→ **Exercise**
Please transcribe the listing that follows exactly; images are to be excluded.

──────────

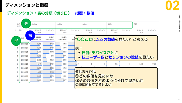 例:「日付とデバイスごとに総ユーザー数とセッションの数値が見たい」
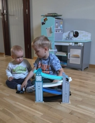 Questo giocattolo è adatto ai bambini dai 18 mesi ed è progettato per soddisfare tutti gli standard di sicurezza. Grazie alla cura dei dettagli, come finestre dipinte e un design che ricorda i veri edifici cittadini, il giocattolo attira l’attenzione e invoglia a giocare più e più volte.
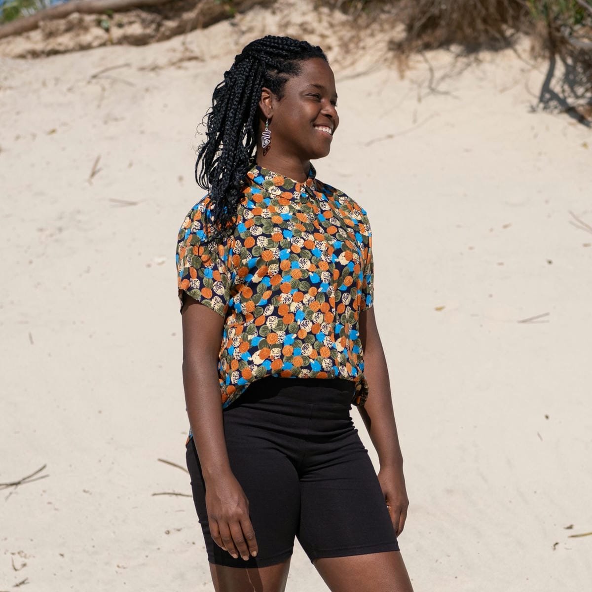 Camisa en fibrana estampada pompones retro. Corte oversize pero confeccionada en 5 talles.
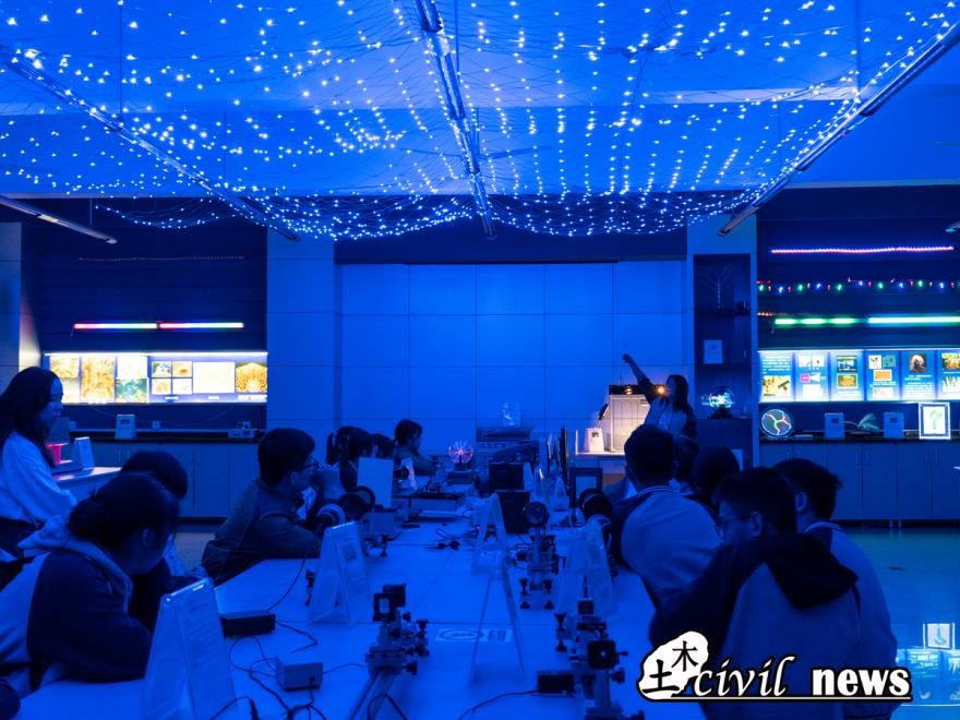 欢迎仪式结束后,本次研学之旅正式启程。第一站是物理国家级实验教学示范中心。在力学实验室里,同学们通过管理员对杨氏弹性模量实验、锥体上滚及动物下坡等的介绍与亲身体验,了解到现象背后隐藏的原理。在光学实验室里,蓝紫色的灯光下,这个实验室显得更具魅力,管理员对光谱灯、激光琴、台式皂膜等进行了介绍。
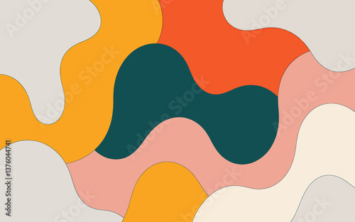 Abstract wavy shapes background in retro colors: orange, green, yellow, pink and beige. Stylish design for prints, backgrounds, web design.
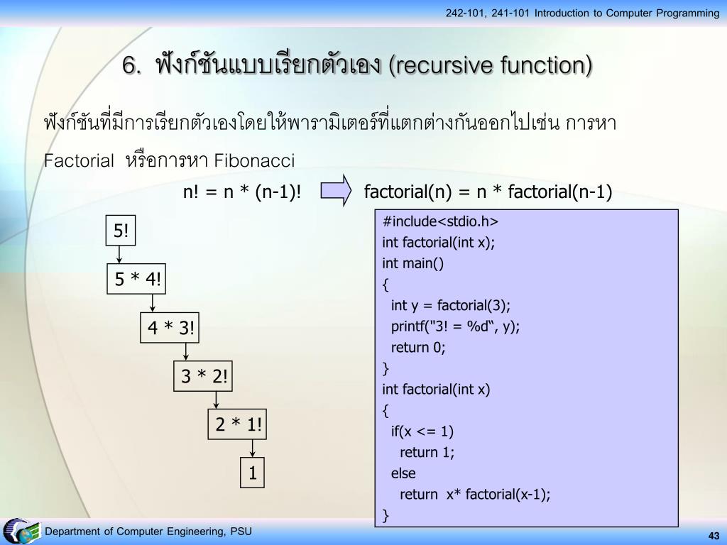 n! = n * (n-1)! factorial(n) = n * factorial(n-1) 5! 5 * 4! 4 * 3! 3 * 2! 2 * 1! 1 6. ฟังก์ชันแบบเรียกตัวเอง (recursive function) ฟังก์ชันที่มีการเรียกตัวเองโดยให้พารามิเตอร์ที่แตกต่างกันออกไปเช่น การหา Factorial หรือการหา Fibonacci #include<stdio.h> int factorial(int x); int main() { int y = factorial(3); printf("3! = %d“, y); return 0; } int factorial(int x) { if(x <= 1) return 1; else return x* factorial(x-1); }
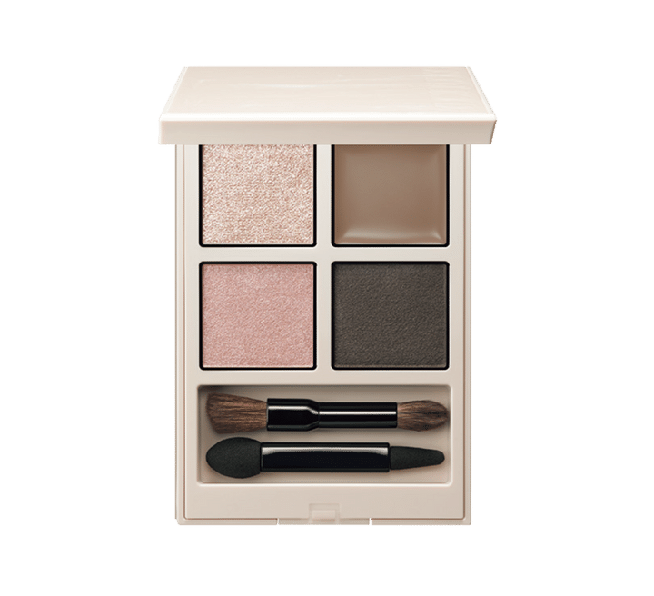 EYE: 【a】( perseのレンズ)を入れたら、【b】(アディクションのパレット)の右上のセミマットなグレージュを薄くアイホールと涙袋にチップで塗る。ブラシに【b】の右下のチャコールグレーを取り、上下まつ毛のキワに入れる。【c】(シャネルのペンシルタイプのシャドウ)を、下まつ毛のキワにのみ重ねて。【d】(NARSのマスカラ)で眉頭を上向きに整えて完成。
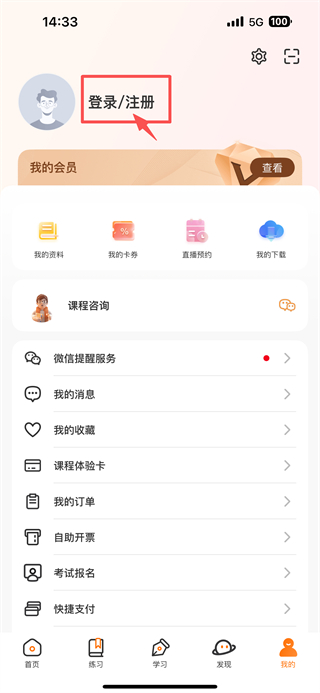 2、在个人中心页面,点击登录/注册区域,进入登录选择界面。
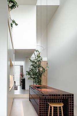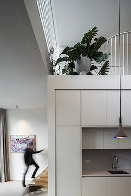 Bijzonder hoge woonkeuken als centrale leefruimte
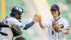 '2008 삼성 PAVV 프로야구' 두산 베어스와 LG 트윈스 경기가 7일 잠실구장 에서 벌어졌다. 3회초 2사 1,3루 두산 김재호 유격수가 LG 페타지니의 안타성 타구를 점프하며 아웃 처리 시킨뒤 공수 교대시 최승환 포수로 부터 축하를 받고 있다./잠실=김영민 기자ajyoung@osen.co.kr [Copyright ⓒ 한국...
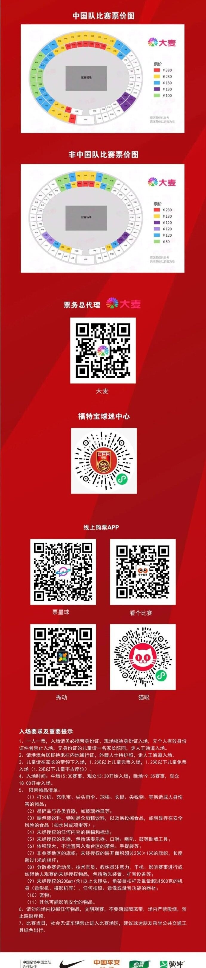今日(3月10日)17點(diǎn)起賽事門票正式開售!售票平臺包括福特寶球迷中心微信小程序、大麥網(wǎng)、票星球、看個比賽、秀動、貓眼等平臺,具體賽程及詳細(xì)票務(wù)信息如下。
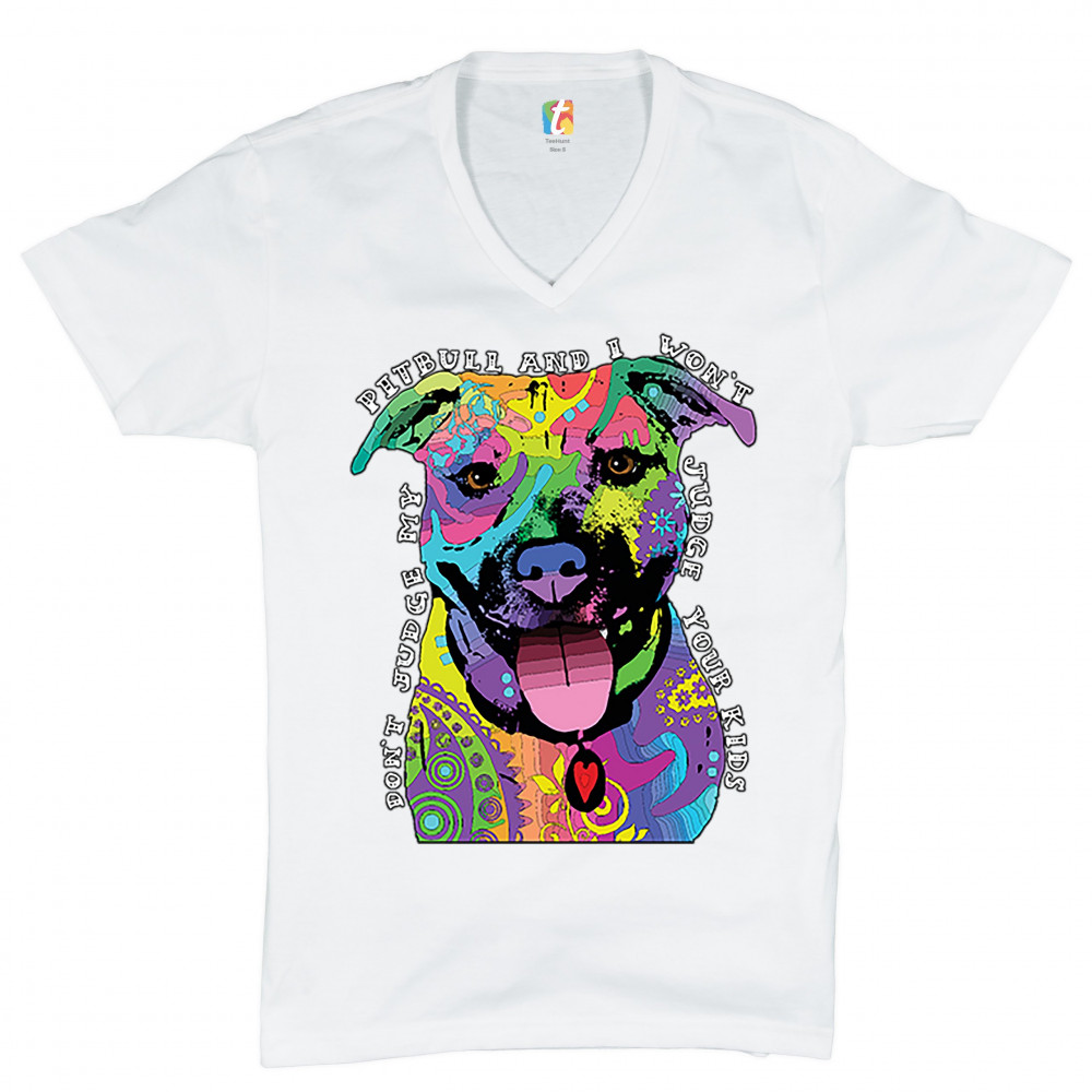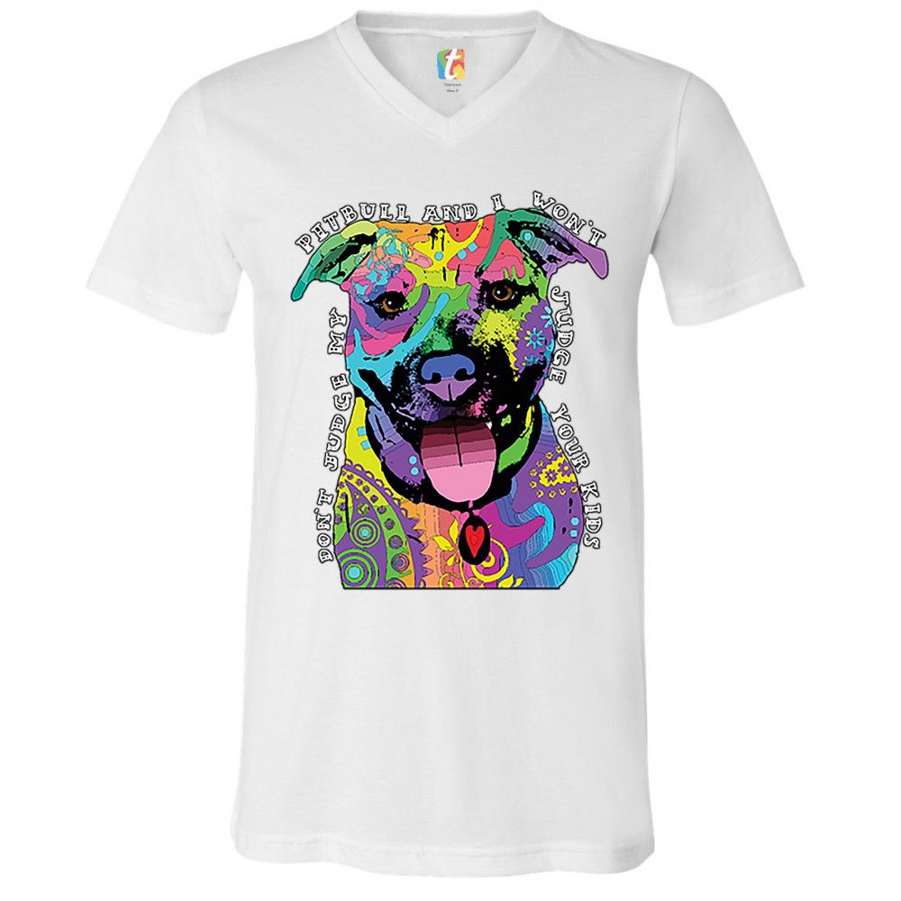 DON'T JUDGE MY PIT BULL v-neck t-shirt funny andy maxx dog lover pet owner tee white
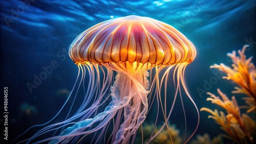 Obraz premium Glowing jellyfish Chrysaora pacifica floating gracefully underwater, marine...
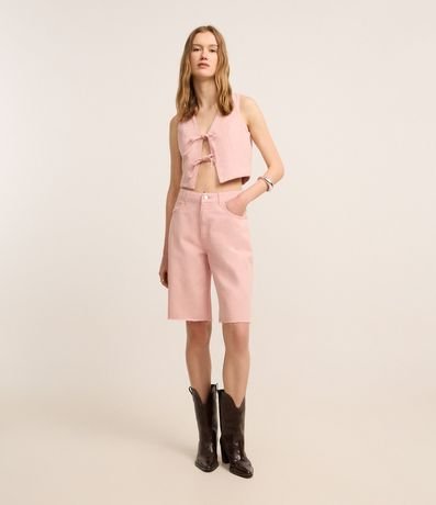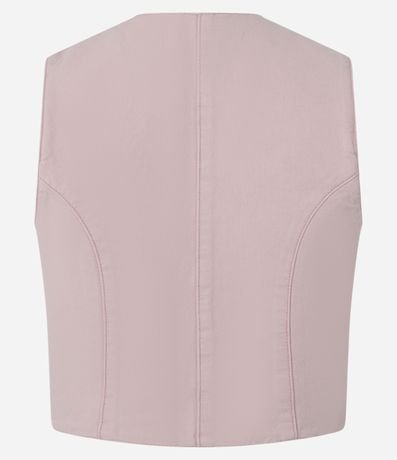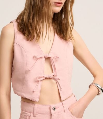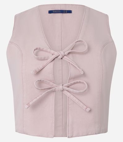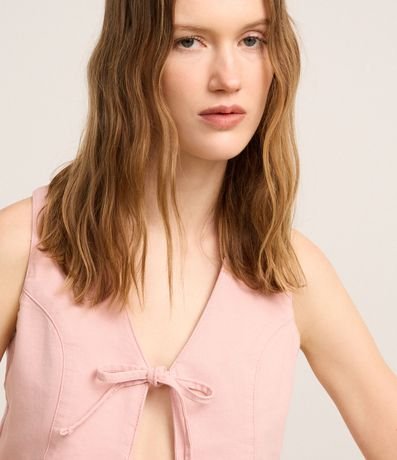Ref: Colete feminino em sarja confeccionada em algodão certificada bci com boas práticas ambientais, decote em v com amarração frontal e recortes.
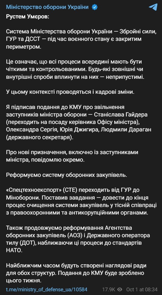 "Я підписав подання до КМУ про звільнення заступників міністра оборони – Станіслава Гайдера (переходить на посаду керівника Офісу міністра), Олександра Сергія, Юрія Джигіра, Людмили Дараган (державного секретаря).
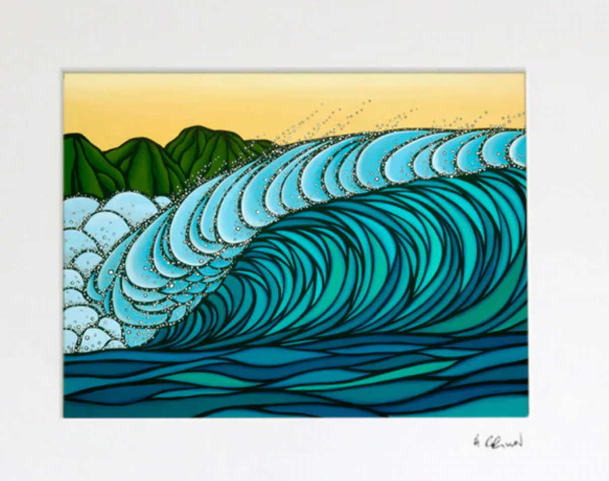 鮮やかなティールウェーブサーフアート - マットアートプリント 「この作品は、オアフ島ノースショアで壮大なビッグウェーブサーフィンを実現する、冬の巨大な波と完璧なオフショア風のコンディションを私の解釈で表現したものです。」 - H.ブラウン 大胆な青い波と遠くの緑の山々を描いた、ヘザー ブラウンによるマット紙プリントのアートワーク。 このプリントにはエンボス加工のマットが付属し、再生紙とサトウキビ紙で制作されています。裏面にはアーティストの略歴が添えられており、3つのサイズからお選びいただけます。 プリントに合わせて、様々な色を取り揃えた手作りのフレームをご用意しております。お客様のインテリアニーズに合わせてお選びいただけます。フレームの製作には、可能な限り再生木材やリサイクル木材を使用するよう努めています。紙にジクレー印刷マットサイズ: 8 x 10インチ / 約30.5 × 30.5 cm 11 x 14インチ / 約27.9 x 35.6 cm 16 x 20インチ / 約40.6 x 50.8 cm額装サイズ: 8x10インチプリント:12.75 x 14.75インチ / 約32.4 x 37.5 cm 11x14インチプリント:15.75 x 18.75インチ / 約40 x 47.6 cm 16x20インチプリント:20.75 x 24.75インチ / 約52.7 x 62.9 cm 11x14インチのプリント、バーンウッドフレーム付き:14.5 x...
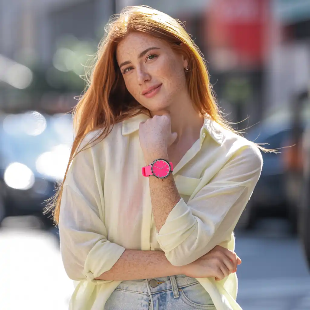 A neon watch strap adds color to everyday looks. It feels sporty, modern, and stylish while remaining functional.
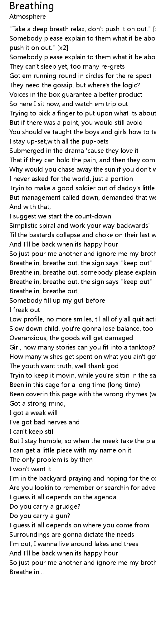 Breathe in, breathe out, somebody please explain to them what it be about |
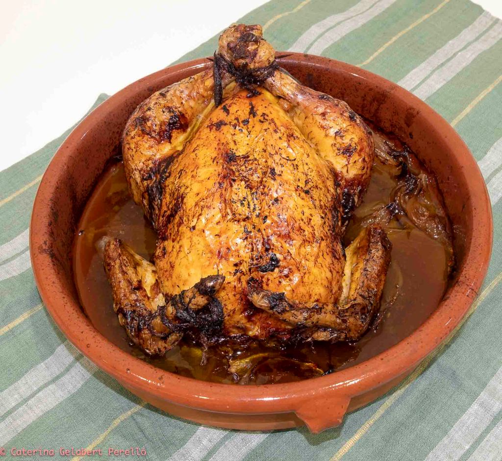 Potser ara l’aviram no té el mateix protagonisme que abans però si us agrada us convid a provar altres maneres de cuinar-lo com el que aquí veis. El farciment, en realitat, funciona més com una guarnició que s’acaba de coure dins l’animal, en un procés on s’intercanvien i s’amaren els sabors.
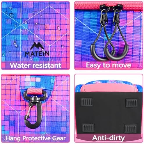 - Exquisite Design: The smooth double zipper is made of Non-slip PVC grip and sturdy nylon cord, makes the soccer backpack more convenient to use and prevent from skidding. The glasses belts on the shoulder straps ensure hanging glasses easily. And the hook on the front of the colorful soccer bag allows you to hang anything you want, such as water bottles, keys, and more accessories
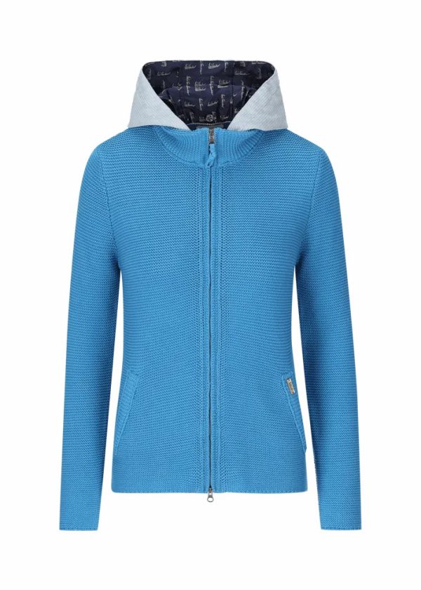 Besonderheiten: Extra Tragekomfort, traditionell im Stil der „Sarner Janker“ links gestrickt, abnehmbare Kapuze im Kontraststoff mit Innenseite aus Jacquard mit All-Over-Logo, Logoplakette in Hornoptik an der linken Tasche

──────────

→ **Written solution**
 例:「日付とデバイスごとに総ユーザー数とセッションの数値が見たい」
 Questo giocattolo è adatto ai bambini dai 18 mesi ed è progettato per soddisfare tutti gli standard di sicurezza. Grazie alla cura dei dettagli, come finestre dipinte e un design che ricorda i veri edifici cittadini, il giocattolo attira l’attenzione e invoglia a giocare più e più volte.
 Camisa en fibrana estampada pompones retro. Corte oversize pero confeccionada en 5 talles.
 欢迎仪式结束后,本次研学之旅正式启程。第一站是物理国家级实验教学示范中心。在力学实验室里,同学们通过管理员对杨氏弹性模量实验、锥体上滚及动物下坡等的介绍与亲身体验,了解到现象背后隐藏的原理。在光学实验室里,蓝紫色的灯光下,这个实验室显得更具魅力,管理员对光谱灯、激光琴、台式皂膜等进行了介绍。
 Abstract wavy shapes background in retro colors: orange, green, yellow, pink and beige. Stylish design for prints, backgrounds, web design.
 n! = n * (n-1)! factorial(n) = n * factorial(n-1) 5! 5 * 4! 4 * 3! 3 * 2! 2 * 1! 1 6. ฟังก์ชันแบบเรียกตัวเอง (recursive function) ฟังก์ชันที่มีการเรียกตัวเองโดยให้พารามิเตอร์ที่แตกต่างกันออกไปเช่น การหา Factorial หรือการหา Fibonacci #include<stdio.h> int factorial(int x); int main() { int y = factorial(3); printf("3! = %d“, y); return 0; } int factorial(int x) { if(x <= 1) return 1; else return x* factorial(x-1); }
 EYE: 【a】( perseのレンズ)を入れたら、【b】(アディクションのパレット)の右上のセミマットなグレージュを薄くアイホールと涙袋にチップで塗る。ブラシに【b】の右下のチャコールグレーを取り、上下まつ毛のキワに入れる。【c】(シャネルのペンシルタイプのシャドウ)を、下まつ毛のキワにのみ重ねて。【d】(NARSのマスカラ)で眉頭を上向きに整えて完成。
 2、在个人中心页面,点击登录/注册区域,进入登录选择界面。
 Bijzonder hoge woonkeuken als centrale leefruimte
 '2008 삼성 PAVV 프로야구' 두산 베어스와 LG 트윈스 경기가 7일 잠실구장 에서 벌어졌다. 3회초 2사 1,3루 두산 김재호 유격수가 LG 페타지니의 안타성 타구를 점프하며 아웃 처리 시킨뒤 공수 교대시 최승환 포수로 부터 축하를 받고 있다./잠실=김영민 기자ajyoung@osen.co.kr [Copyright ⓒ 한국...
今日(3月10日)17點(diǎn)起賽事門票正式開售!售票平臺包括福特寶球迷中心微信小程序、大麥網(wǎng)、票星球、看個比賽、秀動、貓眼等平臺,具體賽程及詳細(xì)票務(wù)信息如下。
 DON'T JUDGE MY PIT BULL v-neck t-shirt funny andy maxx dog lover pet owner tee white
 Obraz premium Glowing jellyfish Chrysaora pacifica floating gracefully underwater, marine...
Ref: Colete feminino em sarja confeccionada em algodão certificada bci com boas práticas ambientais, decote em v com amarração frontal e recortes.
 "Я підписав подання до КМУ про звільнення заступників міністра оборони – Станіслава Гайдера (переходить на посаду керівника Офісу міністра), Олександра Сергія, Юрія Джигіра, Людмили Дараган (державного секретаря).
 鮮やかなティールウェーブサーフアート - マットアートプリント 「この作品は、オアフ島ノースショアで壮大なビッグウェーブサーフィンを実現する、冬の巨大な波と完璧なオフショア風のコンディションを私の解釈で表現したものです。」 - H.ブラウン 大胆な青い波と遠くの緑の山々を描いた、ヘザー ブラウンによるマット紙プリントのアートワーク。 このプリントにはエンボス加工のマットが付属し、再生紙とサトウキビ紙で制作されています。裏面にはアーティストの略歴が添えられており、3つのサイズからお選びいただけます。 プリントに合わせて、様々な色を取り揃えた手作りのフレームをご用意しております。お客様のインテリアニーズに合わせてお選びいただけます。フレームの製作には、可能な限り再生木材やリサイクル木材を使用するよう努めています。紙にジクレー印刷マットサイズ: 8 x 10インチ / 約30.5 × 30.5 cm 11 x 14インチ / 約27.9 x 35.6 cm 16 x 20インチ / 約40.6 x 50.8 cm額装サイズ: 8x10インチプリント:12.75 x 14.75インチ / 約32.4 x 37.5 cm 11x14インチプリント:15.75 x 18.75インチ / 約40 x 47.6 cm 16x20インチプリント:20.75 x 24.75インチ / 約52.7 x 62.9 cm 11x14インチのプリント、バーンウッドフレーム付き:14.5 x...
 A neon watch strap adds color to everyday looks. It feels sporty, modern, and stylish while remaining functional.
 Breathe in, breathe out, somebody please explain to them what it be about |
 Potser ara l’aviram no té el mateix protagonisme que abans però si us agrada us convid a provar altres maneres de cuinar-lo com el que aquí veis. El farciment, en realitat, funciona més com una guarnició que s’acaba de coure dins l’animal, en un procés on s’intercanvien i s’amaren els sabors.
 - Exquisite Design: The smooth double zipper is made of Non-slip PVC grip and sturdy nylon cord, makes the soccer backpack more convenient to use and prevent from skidding. The glasses belts on the shoulder straps ensure hanging glasses easily. And the hook on the front of the colorful soccer bag allows you to hang anything you want, such as water bottles, keys, and more accessories
 Besonderheiten: Extra Tragekomfort, traditionell im Stil der „Sarner Janker“ links gestrickt, abnehmbare Kapuze im Kontraststoff mit Innenseite aus Jacquard mit All-Over-Logo, Logoplakette in Hornoptik an der linken Tasche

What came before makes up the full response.